Research summary

Carcinogens induce growth inhibition of normal cells, whereas initiated cells and preneoplastic lesions escape this effect and thus achieve a growth advantage. A model predicts that DNA-damaging carcinogens inhibit proliferation through induction of p53 and subsequently p21CIP.

In previous research we have found that carcinogen exposure inhibits Erk1/2 nuclear translocation, but not phosphorylation. In addition, Cdk2 and Cdk4 became cytoplasmically arrested in carcinogen-exposed hepatocytes. Since p21CIP binding to Cdk2 and Cdk4 complexes were not increased, we hypo-thesized that p53 induction was not the mechanism of carcinogen mitoinhibition.

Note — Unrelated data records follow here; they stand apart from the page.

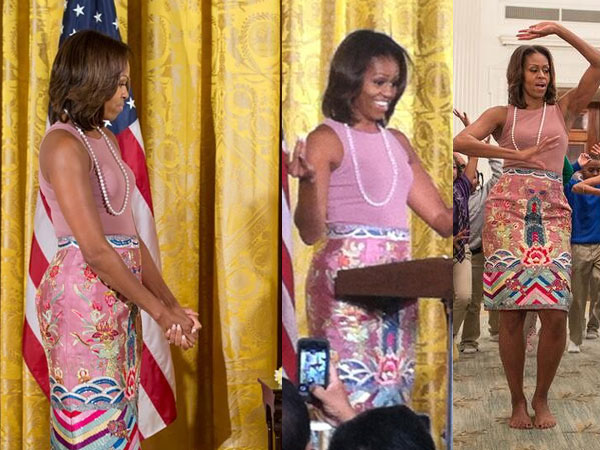 The Naeem Khan creation fit the First Lady's well and flaunted her toned figure to perfection. Michelle Obama completed her Diwali look with a simple pearl necklace. Later she was seen wearing the flower garland after the Puja was performed by the Brahmin. Michelle Obama was in the perfect festive mood as the First Lady danced to some desi Indian beats and showed her desi moves.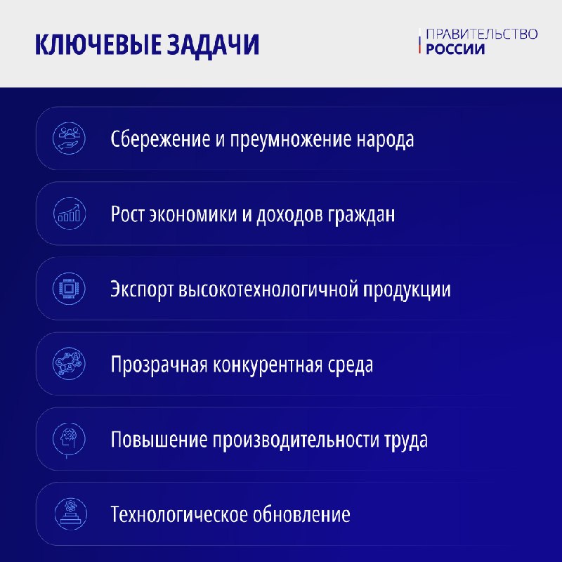 6️⃣Обеспечить постоянное технологическое обновление, создавать условия для появления в стране инноваций и их активного применения на практике в ключевых отраслях. Как отметил глава Правительства, именно это сегодня является …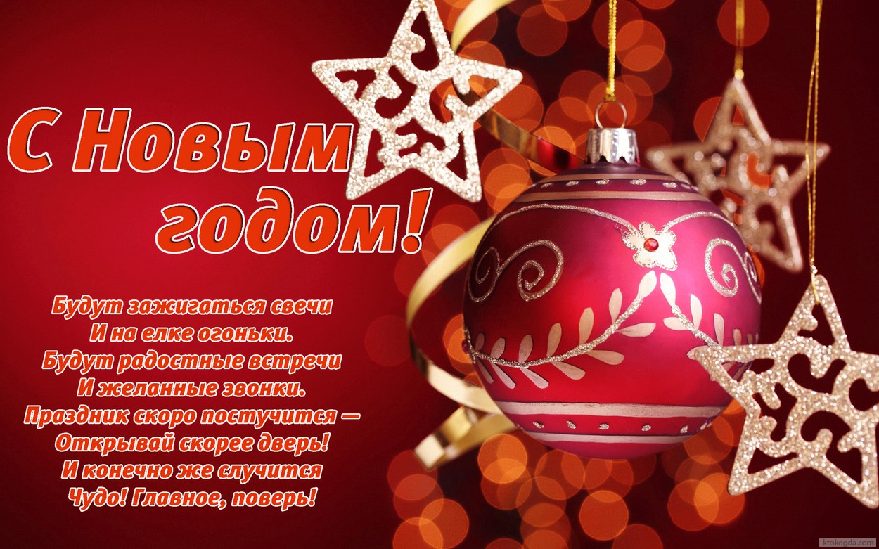 Открытка с Новым годом с поздравлением, елочная игрушка, стихи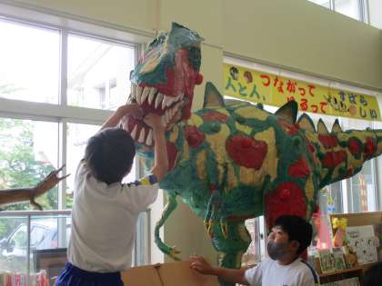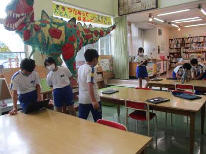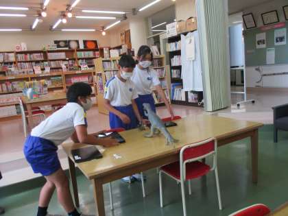 上学年(4年〜6年)は、合同学習で「自分が見付けたお気に入りの場所で小さな自分を動かそう」という学習をしています。今日は、自分が見付けた楽しい場所に小さくなった自分を置いて写真を撮りました。いろいろ楽しい作品が出来上がりそうです。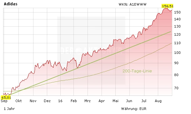 Adidas liefert nicht nur wie am Fließband Sportartikel aus, sondern auch gute Nachrichten für die Aktionäre. Die Rekord-Aktie steht kurz vor dem Aufstieg in den EuroStoxx 50. Wird die Aktie auch jubeln?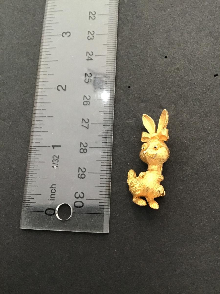 Vintage Mamselle , Gold tone bunny brooch. Please see attached photos.

To further clarify these mechanisms we seeked a closer knowledge of the intracellular signalling transforming growth factor binding in the plasma membrane to transcript-tional activation initiating DNA synthesis.

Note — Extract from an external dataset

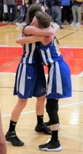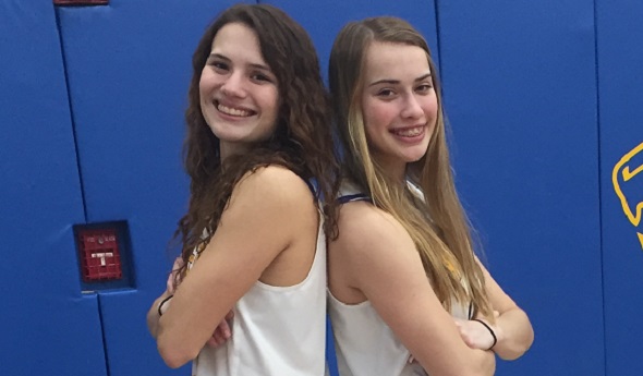 PHOTOS: (Top) Twins Emmaly (left) and Sarah Miller make up a talented backcourt for Birch Run. (Middle) The sisters share a quick hug during a game this season. (Photos courtesy of the Birch Run girls basketball program.)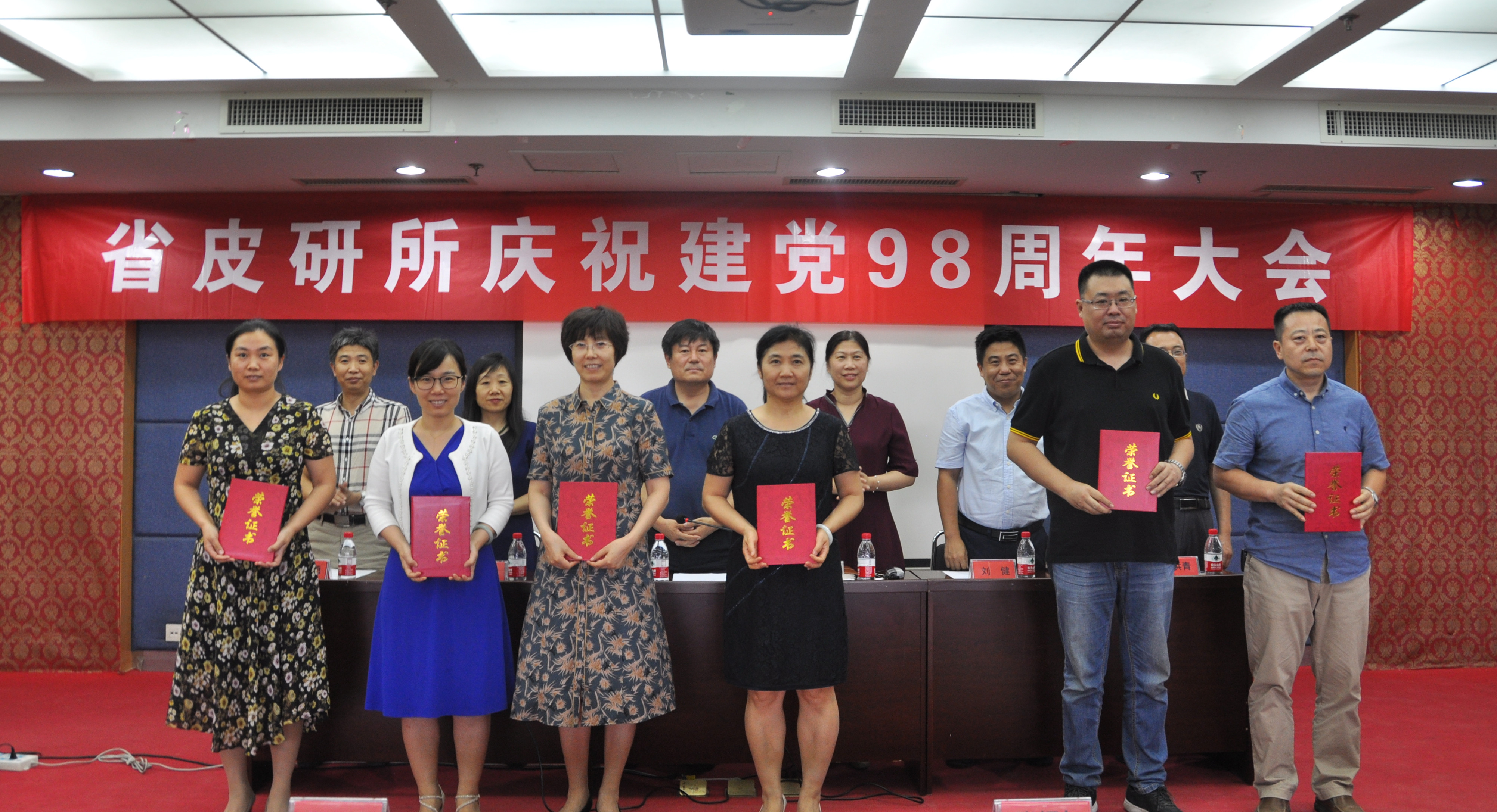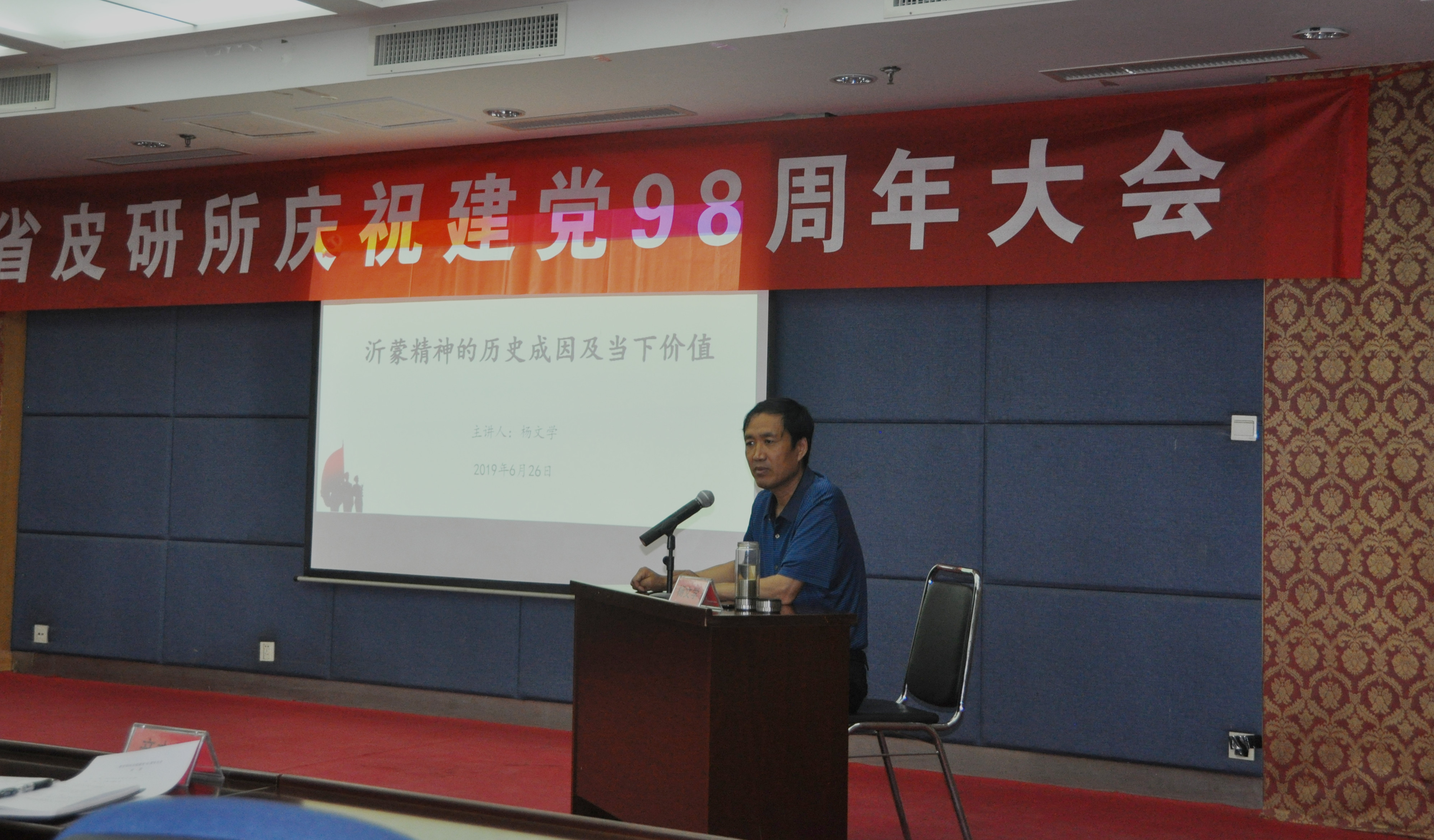 2019年6月26日下午,省皮研所党委组织召开党员大会,庆祝建党98周年。会议由山东第一医科大学(山东省医学科学院)副校(院)长,省皮研所所长、党委副书记张福仁主持,所党委成员、全体党员45人参加会议,非党员科主任列席会议。

We currently complete several studies:

• A manuscript showing that nuclear translocation of Erk1/2 is accomplished by MEK1, whereas MEK2 promotes cytoplasmic retention, has been submitted. Phosphorylations of MEK1 S292/S298 induce the release Erl1/2 from MEK1, and thus nuclear translocation. This phosphorylation depends upon Rac1-activation; probably reflecting integrin signalling.
• We now publish that p53 is growth factor induced, and plays an important role inthe proliferation of normal hepatocytes. When p53 induction is inhibited, the cellsbecome growth arrested, and Cdk2 and Cdk4 remain cytoplasmically arrested. These effects are counteracted by ectopic expression of p21CIP, which may provide a piggy-backing NLS signal to G1 Cdk complexes.
• Furthermore, we have submitted a manuscript showing that Cdk4 activation is necessary for subsequent Cdk2 nuclear translocation and proliferation.
• We currently publish that H-Ras and K-Ras are differentially involved in growth factor signalling of hepatocytes. Whereas H-Ras activates Erk1/2 and PI3K, thus promoting both proliferation and survival, K-Ras activation promotes survival through PI3K activation.
• Based on a grant from the Research Council of Norway we have initiated a study on the mechanisms of non-dioxin-like PCB toxicity. Initial studies show that PCB153 enhances the EGF-induced proliferation, possibly through shortened G1 phase. Involved mechanisms will be investigated in further studies.
• Two PhD students are in the final stages of their doctoral projects, and submitted their theses early 2007.
• Based on a grant from the Research Council of Norway, a confocal microscope configured for live cell imaging has been installed. The microscope has been made available for scientists at Gaustad campus through our core facility.